● Data:
*** Begin section ***

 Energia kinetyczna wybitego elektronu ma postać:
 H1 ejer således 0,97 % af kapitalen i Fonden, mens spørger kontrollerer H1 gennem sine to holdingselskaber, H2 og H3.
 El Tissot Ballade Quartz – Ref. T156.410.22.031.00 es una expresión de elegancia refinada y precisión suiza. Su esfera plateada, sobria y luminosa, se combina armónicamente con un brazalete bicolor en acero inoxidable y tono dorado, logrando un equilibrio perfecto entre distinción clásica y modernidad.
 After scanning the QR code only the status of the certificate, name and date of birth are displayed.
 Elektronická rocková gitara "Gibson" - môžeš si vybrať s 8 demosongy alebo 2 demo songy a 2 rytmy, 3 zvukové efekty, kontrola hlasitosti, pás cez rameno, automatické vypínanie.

*** End section ***
*** Begin section ***

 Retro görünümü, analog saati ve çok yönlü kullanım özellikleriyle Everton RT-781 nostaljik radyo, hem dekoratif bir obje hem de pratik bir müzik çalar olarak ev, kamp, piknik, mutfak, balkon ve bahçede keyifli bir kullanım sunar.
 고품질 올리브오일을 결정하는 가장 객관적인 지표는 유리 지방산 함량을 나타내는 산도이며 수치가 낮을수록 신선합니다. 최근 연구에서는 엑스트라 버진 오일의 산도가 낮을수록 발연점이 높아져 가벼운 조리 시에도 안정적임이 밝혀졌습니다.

*** End section ***
*** Begin section ***

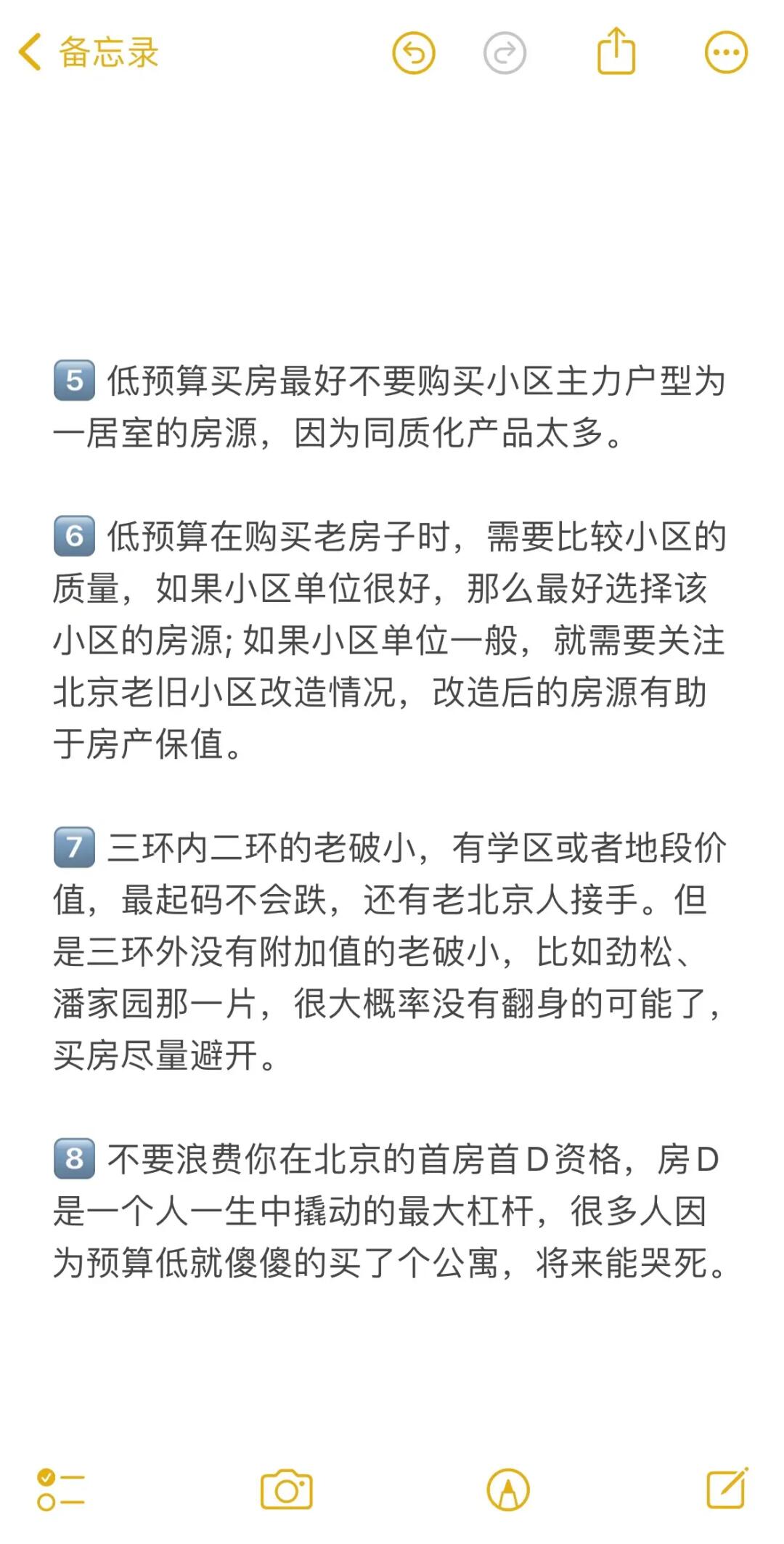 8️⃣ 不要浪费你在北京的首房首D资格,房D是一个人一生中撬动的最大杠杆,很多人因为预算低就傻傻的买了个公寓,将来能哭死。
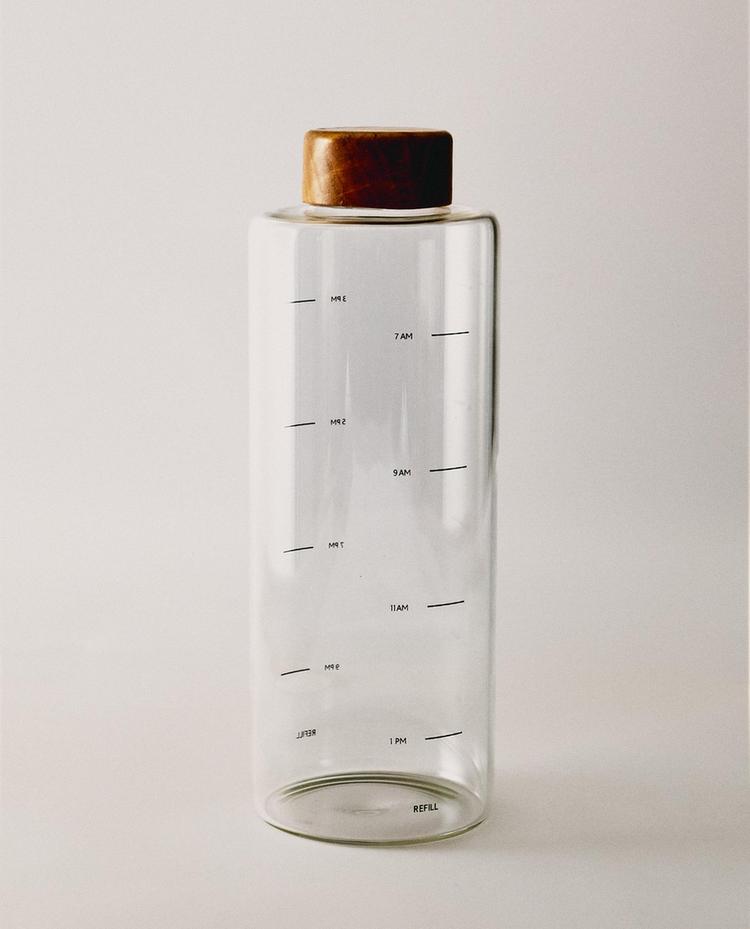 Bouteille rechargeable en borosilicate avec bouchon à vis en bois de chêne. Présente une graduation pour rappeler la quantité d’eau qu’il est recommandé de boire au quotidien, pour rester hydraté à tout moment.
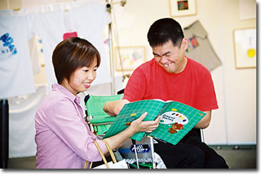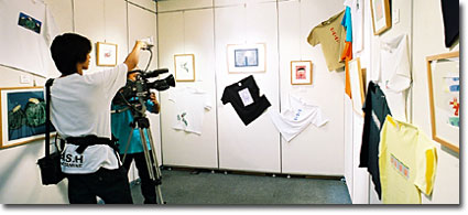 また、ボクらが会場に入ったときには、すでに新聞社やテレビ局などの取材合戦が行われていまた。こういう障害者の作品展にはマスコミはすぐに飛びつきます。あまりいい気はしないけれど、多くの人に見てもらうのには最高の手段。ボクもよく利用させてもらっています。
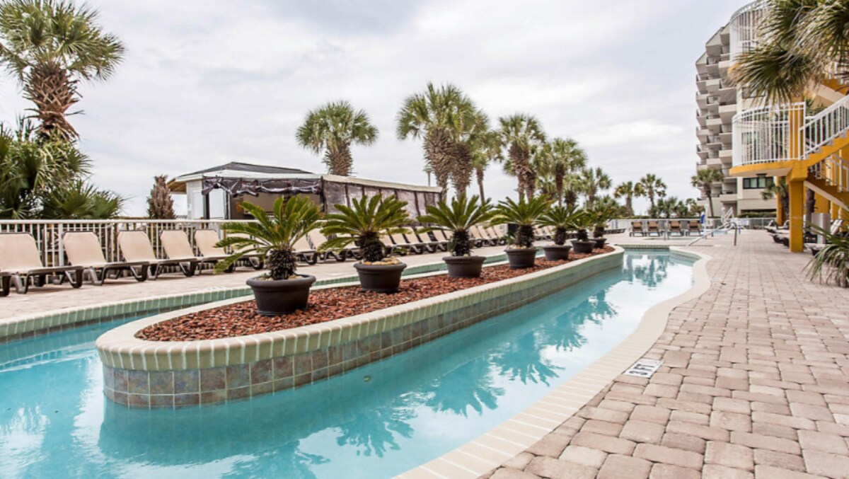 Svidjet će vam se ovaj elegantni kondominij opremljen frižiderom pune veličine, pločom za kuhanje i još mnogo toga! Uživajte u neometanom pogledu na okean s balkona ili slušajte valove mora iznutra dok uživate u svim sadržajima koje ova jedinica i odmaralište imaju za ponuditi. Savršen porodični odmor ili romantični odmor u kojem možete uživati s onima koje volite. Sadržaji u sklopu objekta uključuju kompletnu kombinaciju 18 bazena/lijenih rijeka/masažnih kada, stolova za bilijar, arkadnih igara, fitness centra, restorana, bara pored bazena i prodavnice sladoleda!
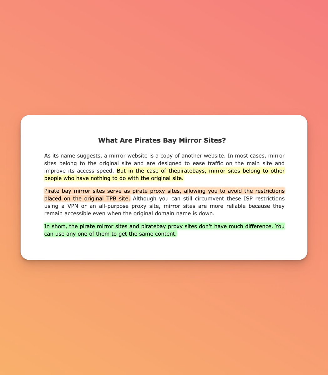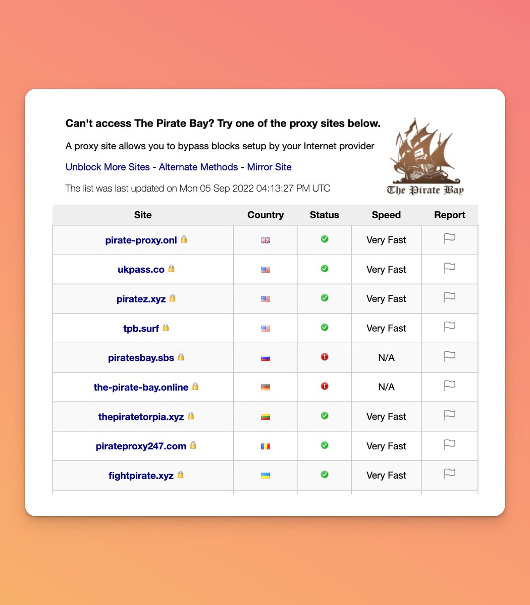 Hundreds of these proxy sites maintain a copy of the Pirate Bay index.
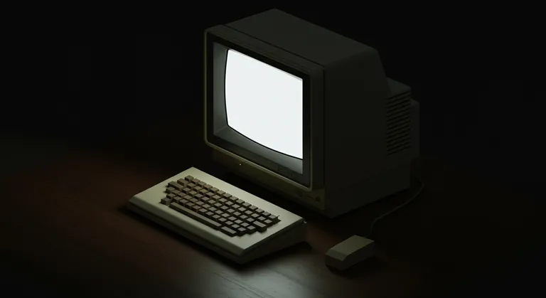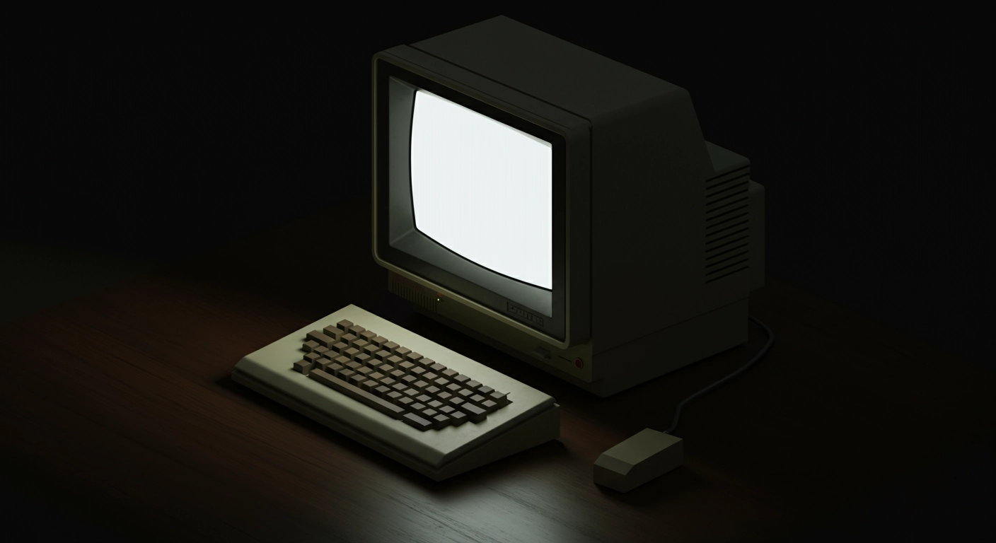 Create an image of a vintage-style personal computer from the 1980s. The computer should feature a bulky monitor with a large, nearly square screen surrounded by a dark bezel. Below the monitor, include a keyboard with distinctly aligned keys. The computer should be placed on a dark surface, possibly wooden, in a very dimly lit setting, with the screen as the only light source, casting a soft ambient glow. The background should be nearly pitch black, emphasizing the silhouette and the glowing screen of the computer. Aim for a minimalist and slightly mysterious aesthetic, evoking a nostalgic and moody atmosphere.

*** End section ***

● Problem to solve: Copy the entries above exactly, but only from the line holding "Energia kinetyczna wybitego" through the line holding "El Tissot Ballade", both included.

● Solution:
 Energia kinetyczna wybitego elektronu ma postać:
 H1 ejer således 0,97 % af kapitalen i Fonden, mens spørger kontrollerer H1 gennem sine to holdingselskaber, H2 og H3.
 El Tissot Ballade Quartz – Ref. T156.410.22.031.00 es una expresión de elegancia refinada y precisión suiza. Su esfera plateada, sobria y luminosa, se combina armónicamente con un brazalete bicolor en acero inoxidable y tono dorado, logrando un equilibrio perfecto entre distinción clásica y modernidad.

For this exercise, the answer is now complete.